Callbacks passed to the Model prediction methods come in two varieties: normal callbacks can be passed to cbs; and a special prediction callback can be passed to pred_cb. The prediction callback is responsible for storing and processing model predictions, and then returning the via a get_preds method. The default prediction callback simply returns predictions in the same order they were generated, however users may wish to e.g. rescale or bin predictions for convenience. An example use for other callbacks during prediction would be e.g. for inference of parameterised training model ParameterisedPrediction, Baldi et al., 2016.

Callbacks in LUMIN¶

A range of common, or useful, callbacks are provided in LUMIN:

Optimiser and Cyclic callbacks are designed to modify optimiser hyper-parameters during training, e.g. OneCycle Smith, 2018. Classes inheriting from AbsCyclicCallback can signal to other callbacks to only act when a cycle has finished (e.g. stop training after no improvement).

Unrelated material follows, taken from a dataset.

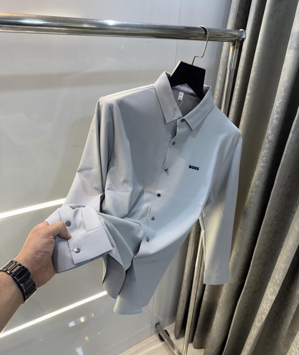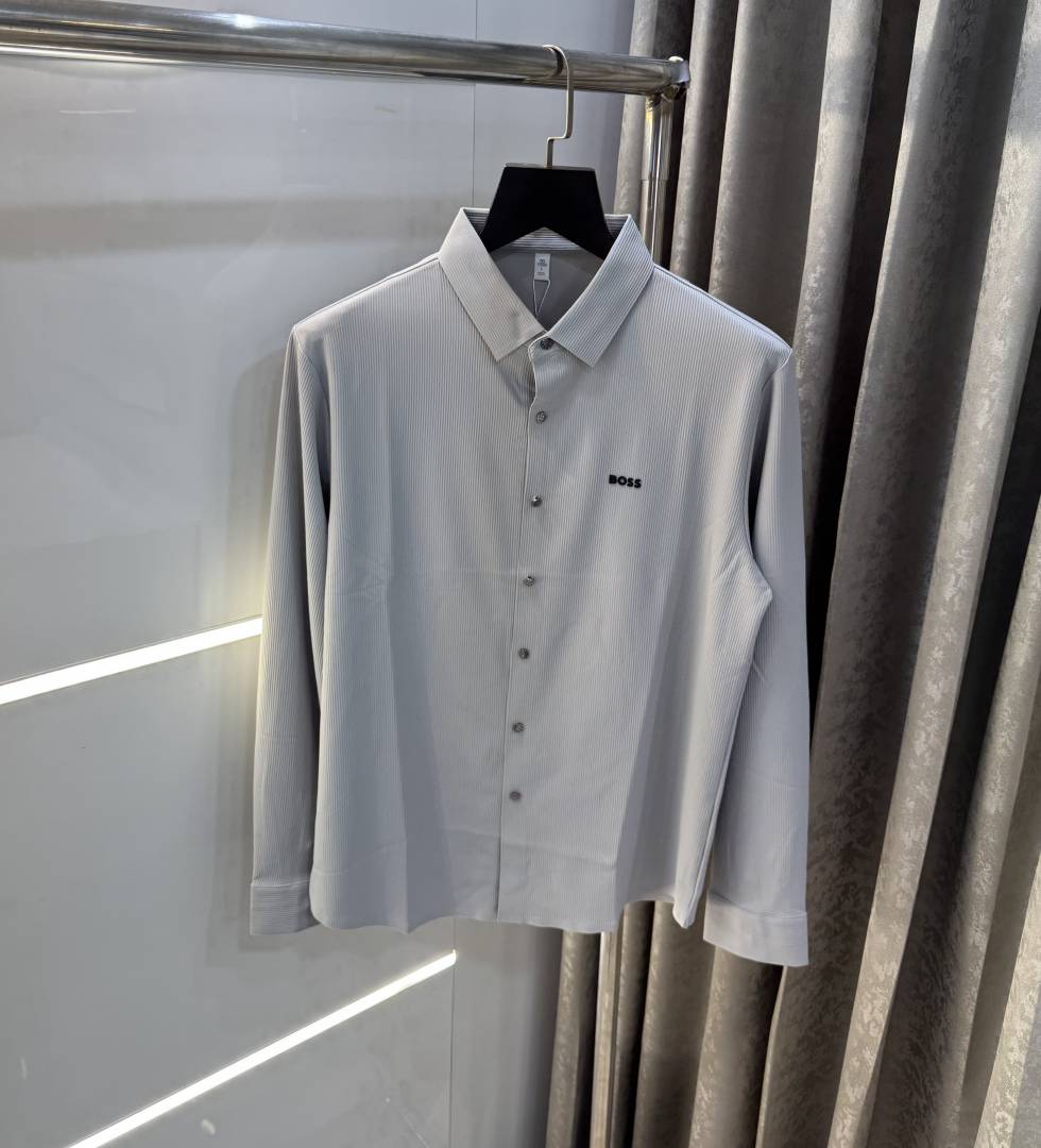 Lacost e Light Grey Premium Shirt Oxford Cotton With custom Branded Button Tagging And Brand Poly Bag 2808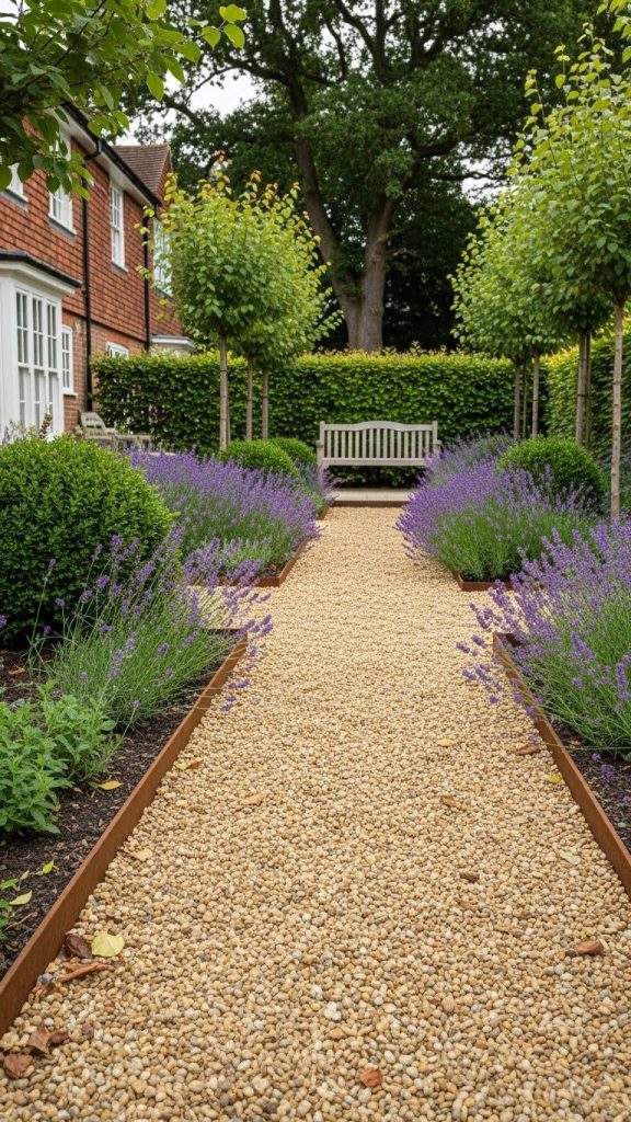 Gravel paths feel relaxed yet purposeful, providing a durable surface without rigid structure.

Data callbacks modify aspects of the data, e.g. for label smoothing, resampling, and replacing/removing values and data.
Loss callbacks adjust the loss values and gradients, or even manually compute losses themselves.

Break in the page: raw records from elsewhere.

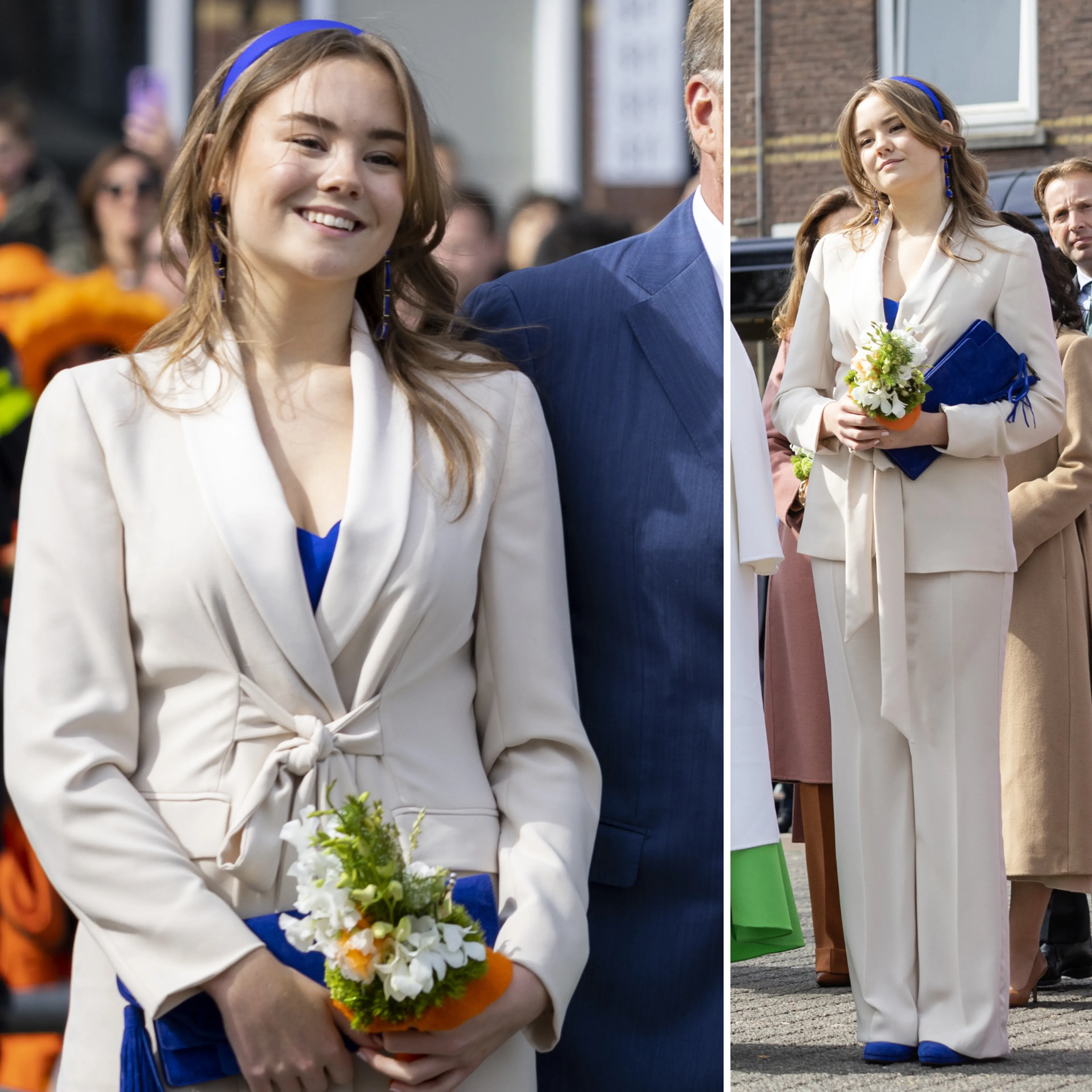 Prinses Ariane draagt een crème broekpak van Max & Co. Haar koningsblauwe tas en pumps zijn van Natan en komen uit de kast van Máxima.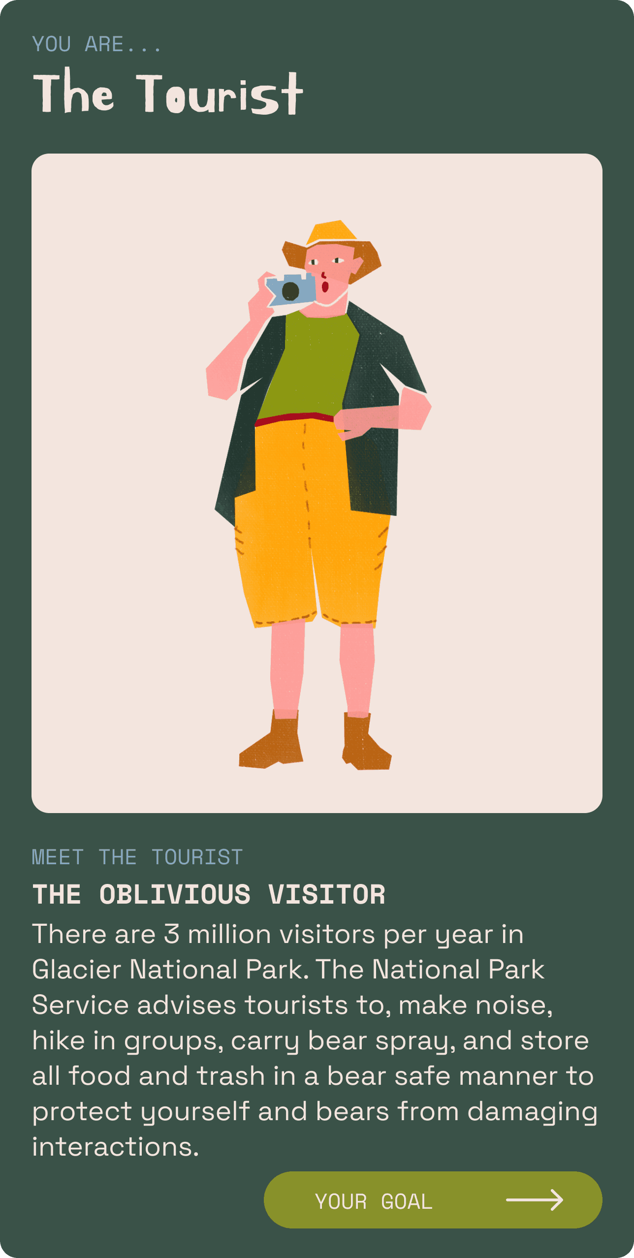 So I made a character assignment card that would provide quick facts about each character with pertinent safety tips about navigating national parks.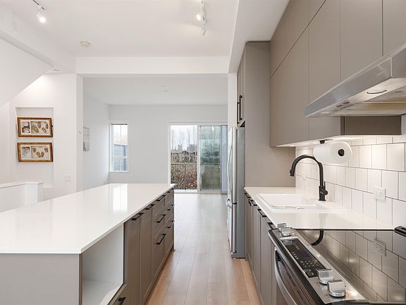 3-year-new Seaside West II by Mosaic! This bright 3-bedroom, 2.5-bath East/West-facing townhome offers abundant natural light and an open-concept layout. The main floor features 10-foot ceilings and large windows that flood the space with sunlight. The gourmet kitchen is thoughtfully designed with quartz countertops, stainless steel appliances, and a large island, perfect for everyday living and entertaining. A well-built home in a desirable Tsawwassen community. Enjoy exclusive access to the Seaside Clubhouse, including a fully equipped fitness centre, outdoor pool, games room, and social areas. Conveniently located close to schools, golf courses, Tsawwassen Mills, and scenic oceanfront trails. Some pictures are virtually staged. Move-in ready.

Model callbacks are a special type of callback that trains alternative models and can be polled for loss values, have their performance tracked, and have their models saved instead of the main model, e.g. SWA Izmailov et al., 2018.
Monitor callbacks keep track of performance during the training, and provide a realtime report of metrics. Additionally, they can be used to save models when performance improves and stop training after improvements cease.
Prediction handler callbacks are responsible for storing and adjusting the network outputs when predicting on new data.